Lücken für Auerhuhnküken im Privat- ­und ­Kommunalwald

Das Auerhuhn (Steckbrief PDF, 162MB) gilt als Schirmart für Biodiversität in borealen und hochmontanen Waldlebensräumen. Es braucht lichte, störungsarme, arten- und strukturreiche Nadel- und Mischwälder, die durch die modernen gesellschaftlichen Ansprüche an den Wald und ihre forstwirtschaftlichen Nutzungsformen nur noch selten im Schwarzwald aufzufinden sind. Der Bestandestrend dieser vom Aussterben bedrohten Art ist seit Jahren rückläufig. Schon 2008 wurde diese negative Entwicklung erkannt und für die Erhaltung dieser gefährdeten Art der Aktionsplan Auerhuhn (APA) erstellt. Auf der Basis eines wissenschaftlich hergeleiteten Flächenkonzepts enthält er alle relevanten Handlungsfelder (Waldwirtschaft, Jagd, Tourismus, Infrastruktur / Windenergie, Forschung) und benennt umzusetzende Maßnahmen.

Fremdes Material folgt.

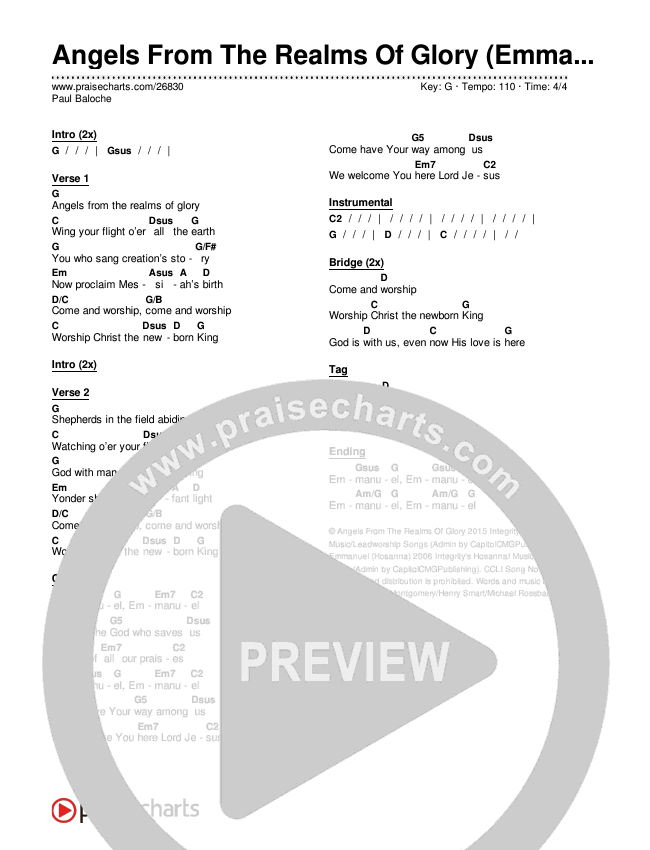 Angels From The Realms Of Glory (Emmanuel) Chords PDF (Paul Baloche)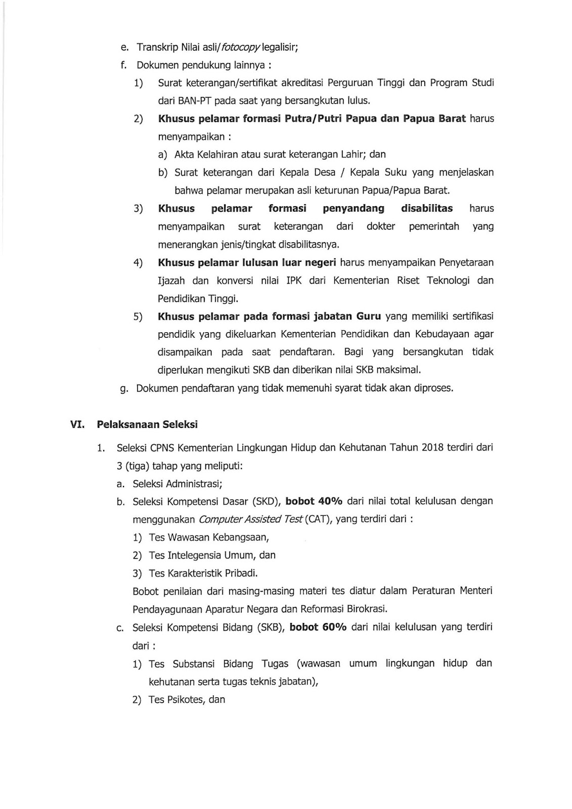 Berdasarkan Keputusan Menteri Pendayagunaaan Aparatur Sipil Negara dan Birokrasi Nomor 52 Tahun 2018 tentang Kebutuhan Pegawai Aparatur Sipil Negara di Lingkungan Kementerian Lingkungan Hidup dan Kehutanan Tahun Anggaran 2018, bersama ini Kementerian Lingkungan Hidup dan Kehutanan membuka kesempatan kepada Warga Negara Indonesia untuk menjadi Calon Pegawai Negeri Sipil (CPNS) yang akan ditugaskan di unit lingkup Kementerian Lingkungan Hidup dan Kehutanan di seluruh Indonesia dengan ketentuan sebagai berikut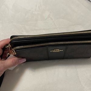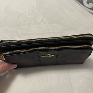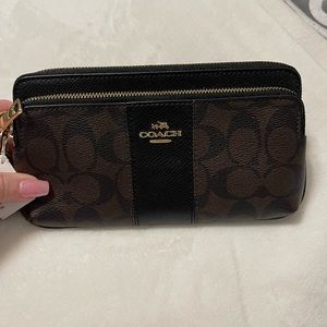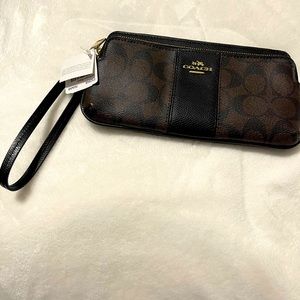 NWT black and brown dual zipped Coach wallet with wristlet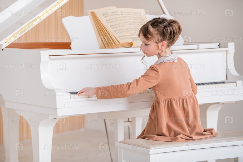 Маленькая девочка играет на большом белом пианино в яркой солнечной комнате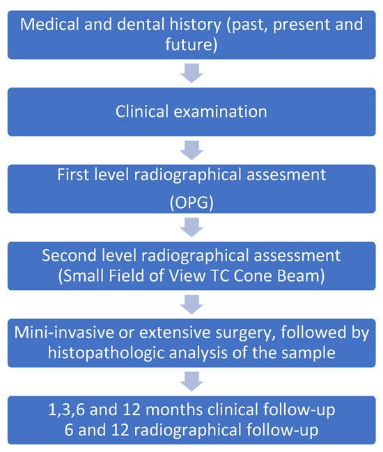 Clinical follow-up was established at 1, 3, 6, and 12 months for the first year, and yearly from the second year. Radiographic follow-up was scheduled for 6 and 12 months with OPT and CBCT. The diagnostic-therapeutic procedures are listed below (Figure 1).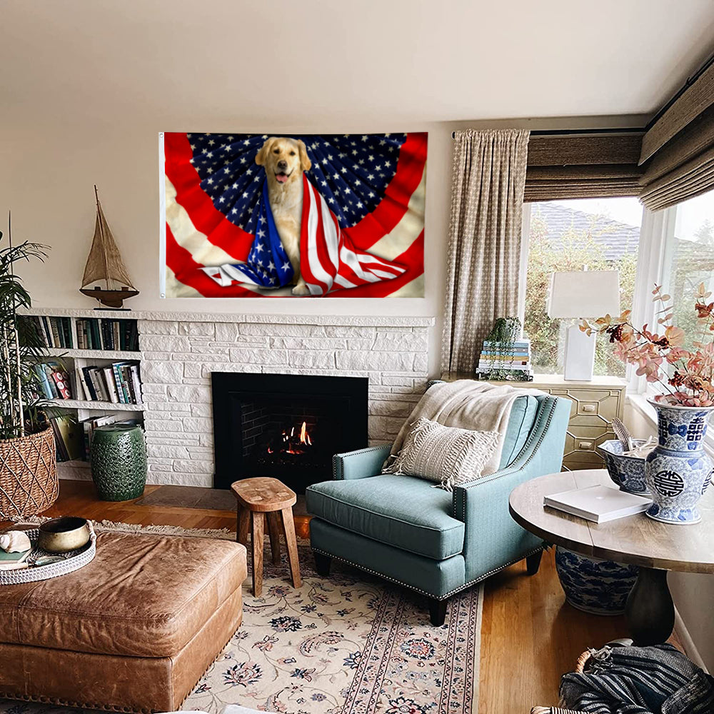 Fyon Golden Retriever Patriotic Dog Bunting American Flag 41421 Indoor and outdoor banner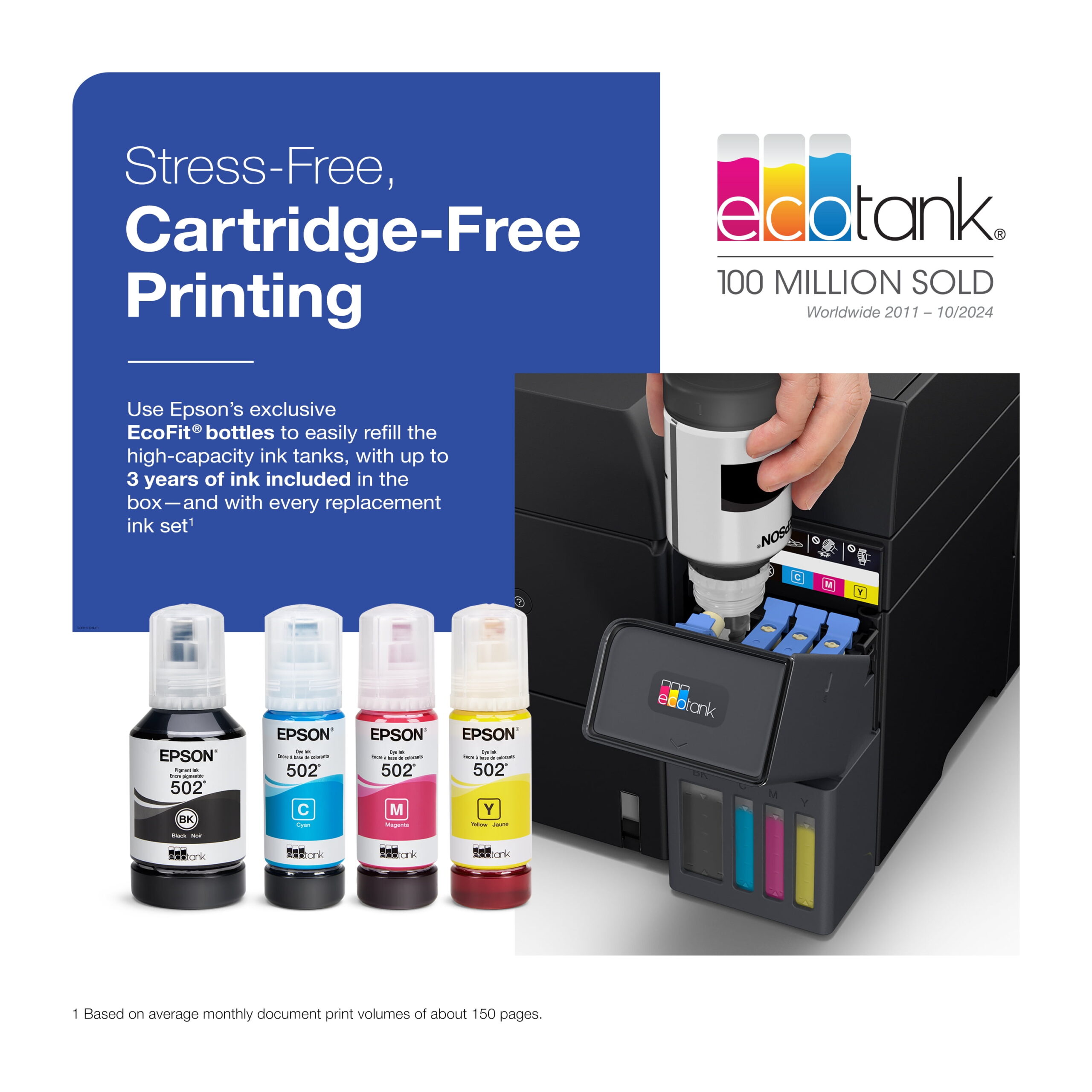 Introducing the EcoTank ET-4950—The Ultimate Home Office Printer. Say goodbye to expensive cartridges with the Epson EcoTank ET-4950, the newest innovation from a recognized leader in photographic printing. Combining simplicity with a modern design, the ET-4950 features advanced technology that enhances both performance and print quality, making it an ideal choice for productive office printing—including content created by AI. Powered by PrecisionCore Heat-Free technology, the ET-4950 offers a duty cycle that’s twice as robust as its predecessor. And unlike conventional thermal inkjet printers, its unique permanent printhead is engineered to last the life of the printer. Designed to be simple and error-free, refilling ink is a breeze with large ink tanks and uniquely keyed EcoFit bottles—no mess, no stress and no ink bottle mix-ups. And with enough ink in the box to last up to three years, you’ll enjoy affordable color printing without the hassle of frequently replacing cartridges. Featuring Ethernet and Wi-Fi for seamless connectivity, along with the user-friendly Epson Smart Panel app, you can easily print, scan, and more directly from your computer or mobile device. Choose Epson EcoTank, the #1 Best-Selling Supertank Printer. With more than 100 million units sold globally across seven generations of innovation, EcoTank consistently delivers affordable, photo-quality prints, making it a reliable choice for all your printing needs.

Nur noch 136 Auerhähne im Schwarzwald

Doch die Umsetzung der vorgegebenen Maßnahmen erfolgte nicht großflächig und konsequent genug. Daher verkleinerte sich die Auerhuhnpopulation weiterhin drastisch und ist aktuell mit 136 Auerhähnen auf einem sehr niedrigen Niveau, weshalb dringend umzusetzende Aktivitäten erforderlich sind. Denn soll der Charaktervogel des Schwarzwaldes auch in Zukunft die Urigkeit und Naturnähe dieser Landschaft symbolisieren, muss für seine Erhaltung weit mehr als bisher unternommen werden. Die Erfahrung der letzten Jahre hat gezeigt, dass insbesondere Handlungsdefizite bei der Verbesserung des Lebensraums und der Koordination der beteiligten Akteurinnen und Akteure bestehen. Die Schaffung von Freiflächen (= Lücken) spielt bei der Lebensraumverbesserung eine wesentliche Rolle. Hierzu wird derzeit im Staatswald eine Freiflächen-Kampagne durchgeführt.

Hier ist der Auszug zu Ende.